No podía imaginarme que aceptaría. De hecho, cuando Iskay me hizo la propuesta mi primera reacción fue decirle que era imposible. Él se quedó pensando mientras intentaba atrapar con un palo las ramas que el río iba arrastrando. Cuando conseguía detener alguna, se la acercaba a los ojos y procuraba descubrir a qué clase de árbol pertenecía. Yo ya sabía que, a aquellas alturas, para él el tacto era fundamental. Quizá su intención era engañarme, no quería hacerme sufrir ni que se rompiera la magia, pero entonces yo ya era consciente de su estrategia. Cogía la rama con ambas manos y la levantaba a la altura de los ojos, pero con los dedos seguía cada nudo, examinaba sus hojas, si tenía, hasta que de golpe afloraba aquella sonrisa que algunas noches me mantenía despierta.
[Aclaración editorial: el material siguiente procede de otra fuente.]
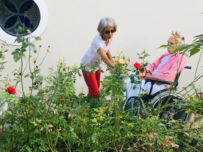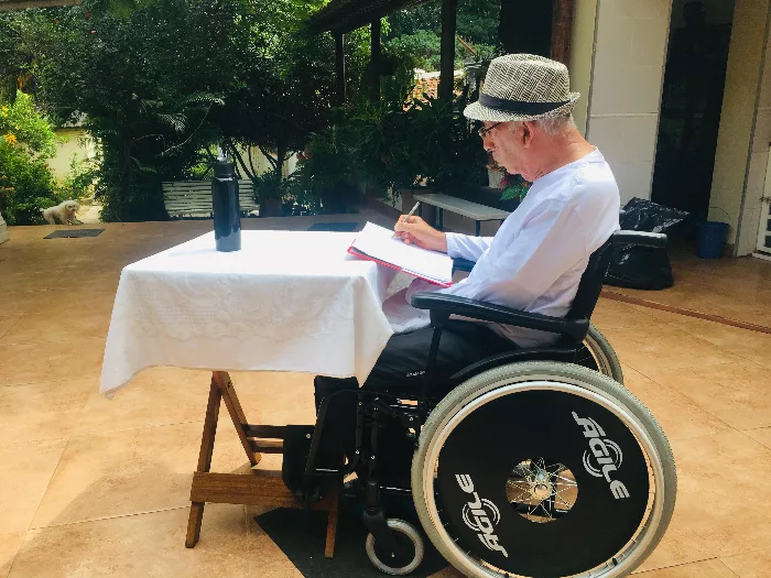 A cuidadora havia acabado de estacionar a cadeira de rodas dele perto da mesa. Pediu que esperasse um pouquinho enquanto ia lá dentro buscar os óculos de leitura.

—¿Acaso vosotros siempre os rendís antes de empezar a luchar?

Iskay usaba esa frase cuando quería cabrearme, y lo conseguía, pero era como un juego. Una pelea entre nosotros era imposible, a pesar de que teníamos puntos de vista diferentes, y a menudo yo defendía con tenacidad mi manera de ver las cosas.

—¡Eres injusto! Pocas veces me he negado a hacer lo que quieres, aunque me haya costado una bronca de mi padrastro…

Me miró con otra rama entre las manos y dijo que era de quina. Yo no conocía el árbol y la cogí con curiosidad.

—¡Mírala bien! Quizás en pocos años no será posible encontrar ninguna por estas tierras. Mis antepasados usaban esta especie para tratar infecciones, fiebres y dolores, pero al llegar los españoles la descubrieron y sacrificaron casi todos los árboles. Ahora porque los han expulsado, pero los jesuitas repartieron mucho de lo que ellos decían «polvo del cardenal», que no era otra cosa que corteza de quina triturada.

—¡Tal como hablas, parece que se hayan dedicado a matar animales!

—¡Los árboles son seres vivos, Constança!

—Lo sé, lo sé… —Había caído en la trampa, aunque conocía bien sus ideas sobre la cuestión—. ¡Lo siento!

—No quiero que te disculpes por estas cosas. Quizás algún día tengas que hacerlo de verdad, por algo realmente importante, y estas palabras ya no tendrán ningún significado.

Así era Iskay. A veces resultaba tan categórico en sus opiniones que era difícil no tomárselo en serio, por más que no estuvieras de acuerdo. Pero no era el día de la quina: él tenía otras cosas en la cabeza, cosas relacionadas con la propuesta que me había hecho mientras pescaba ramas.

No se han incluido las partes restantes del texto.